Since `cogex` uses PyInstaller to build executables, we need Python to be installed with a shared
instance of `libpython`, which `pyenv` does not do by default. To fix this, make sure to add the
`--enable-shared` flag when installing new Python versions with `pyenv`, like so:
```bash
env PYTHON_CONFIGURE_OPTS="--enable-shared" pyenv install 3.9.0
```
You can read more about it in the [PyInstaller documentation](https://pyinstaller.readthedocs.io/en/stable/development/venv.html#pyenv-and-pyinstaller)
## Overview of features
### Start a new extractor project
To start a new extractor project, move to the desired directory and run
```bash
cogex init
```
You will first be prompted for some information, before `cogex` will initialize a new project.
### Add dependencies
Extractor projects initiated with `cogex` will use `poetry` for managing dependencies.
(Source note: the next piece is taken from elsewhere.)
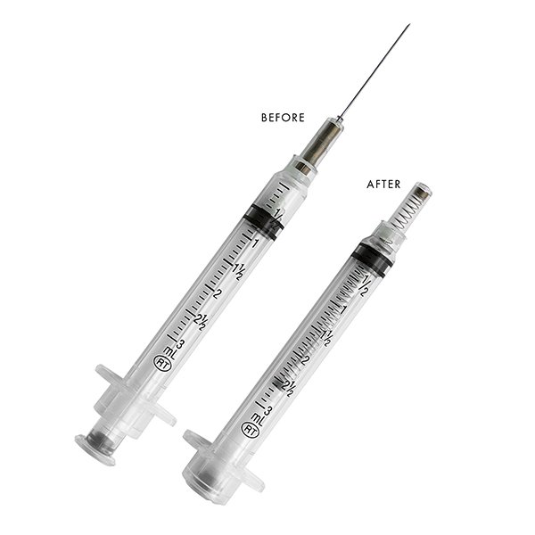 The needle is automatically retracted directly from the patient into the barrel of the syringe when the plunger handle is fully depressed. The pre-removal, automated retraction greatly reduces exposure to the contaminated needle, effectively reducing the risk of needlestick injury.

Running
`cogex init` will automatically install the Cognite SDK and extractor-utils framework, but if your
extractor needs any other dependency, simply add them using `poetry`, like so:
```bash
poetry add requests
```
### Type checking and code style
It is recommended that you run code checkers on your extractor, in particular:
* `black` is an opinionated code style checker that will enforce a consistent code style throughout
your project. This is useful to avoid unecessary changes and minimizing PR diffs.
* `isort` is a tool that sorts your imports, also contributing to a consistent code style and
minimal PR diffs.
* `mypy` is a static type checker for Python which ensures that you are not making any type errors
in your code that would go unnoticed before suddently breaking your extractor in production.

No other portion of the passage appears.